5.3.3 The Normal Distribution
Of all the resources I have looked at, the following link provides a very good presentation of the Normal Distribution topic. So, consider this material as part of your notes: http://www.mathsisfun.com/data/standard-normal-distribution.html
The following link provides a short history of the normal distribution:
http://onlinestatbook.com/2/normal_distribution/history_normal.html
Sources: Introduction to the Practice of Statistics, Sixth Edition, by Moore, McCabe, and Craig, Publisher: W. H. Freeman. (p.258-270)

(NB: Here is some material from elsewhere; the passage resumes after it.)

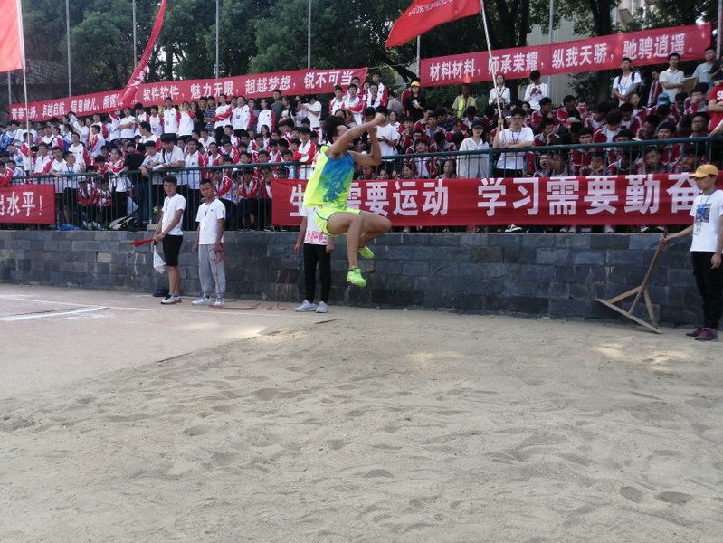 沙地里,运动健儿们离弦箭似的助跑、蛟龙似的起跳、猛虎似的空中跳跃、无可挑剔的落地,在空中划出了一条完美的弧线,引起阵阵惊叹。在触碰到沙地的瞬间,运动员们都创下了不凡的成绩。

5.4 Expected Value and Variance
5.4.1 Expected Value
Assume we have the following series of numbers denoted \(X = x_1, x_2, ...x_k\):
\(x_1\) | \(x_2\) | \(x_3\) | \(x_4\) | \(x_5\) | \(x_6\) |
---|---|---|---|---|---|
\(-2\) | \(-2\) | \(-2\) | \(3\) | \(4\) | \(4\) |
What is the mean value \(\bar X\)?
\[ \bar X = \]
Another way of computing the same mean is:
\[\bar X = \]
This is called the weighted mean. The weights are:
Now, assume a game in which you pay \(\$2\) to participate. The game consists of tossing a die. If the die falls on 1, 2, or 3, you lose your \(\$2\). If the die falls on 4, you win \(\$5\); and you win \(\$6\) if the die falls on 5, or 6. Construct the probability model of the random variable X, winning (by winning, we mean net gain here).

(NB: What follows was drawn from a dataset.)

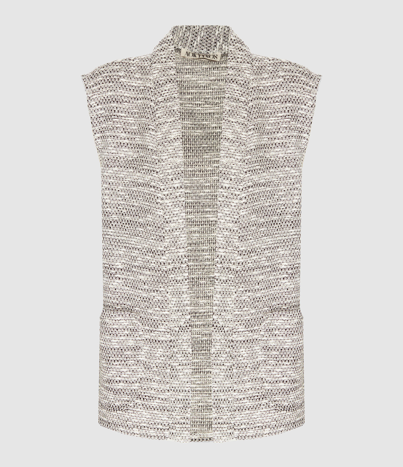 Gilet sans manches en coton noir et blanc. Col rond. Coupe droite. Base droite.

Compute the weighted mean of winning:
Note 1: the weighted mean is called Expected Value (in the context of probability model). Its formula is:
\[\mu = E(X) = \bar X = \sum_i p_ix_i\]
Note 2: Like the average number of children does not have to be a whole number, the expected value of a random number does not have to be a value the random variable can assume.
Example: The probability distribution for damage claims paid by Newton Automobile Insurance Company on collision insurance follows (for any given client):
Payment ($), or \(X = x_i\) | Probability, or \(P(X = x_i)\) | \(x_iP(X = x_i)\) | Net receipt by policy holder \(Y = y_i\) | \(y_iP(Y = y_i\) |
---|---|---|---|---|
0 | 0.85 | |||
500 | 0.04 | |||
1000 | 0.04 | |||
3000 | 0.03 | |||
5000 | 0.02 | |||
8000 | 0.01 | |||
10000 | 0.01 | |||
Totals | 1 |
- Use the expected collision payment to determine the collision insurance premium that would enable the company to break even.
- The insurance company charges an annual rate of $520 for collision coverage. What is the expected value of the collision policy for a policy holder? Why does this policy holder purchase a collision policy with this expected value?
5.4.2 Variance
The variance is by definition a measure of dispersion or spreadness. The variance of a random variable \(X\) is given by the formula:
\[\sigma^2 = \sum_i p_i (x_i - \mu)^2\] where \(p_i\) is the probability of observing \(x_i\)
Example: Compute the variance of the insurance example above:
Payment ($), or \(X = x_i\) | Probability, or \(P(X = x_i)\) | \(x_iP(X = x_i)\) | \((x_i-\mu)^2\) | \((x_i-\mu)^2 P(X = x_i)\) |
---|---|---|---|---|
0 | 0.85 | |||
500 | 0.04 | |||
1000 | 0.04 | |||
3000 | 0.03 | |||
5000 | 0.02 | |||
8000 | 0.01 | |||
1000 | 0.01 | |||
Totals | 1 | \(\mu = 430\) | – |
There is a simpler formula for the variance: \[\sigma^2 = \sum_i p_i x_i^2 - \mu^2\]
Practice: use the \(\sigma^2 = \sum_i p_i x_i^2 - \mu^2\) formula to recover the answer found above, i.e. the answer on the table.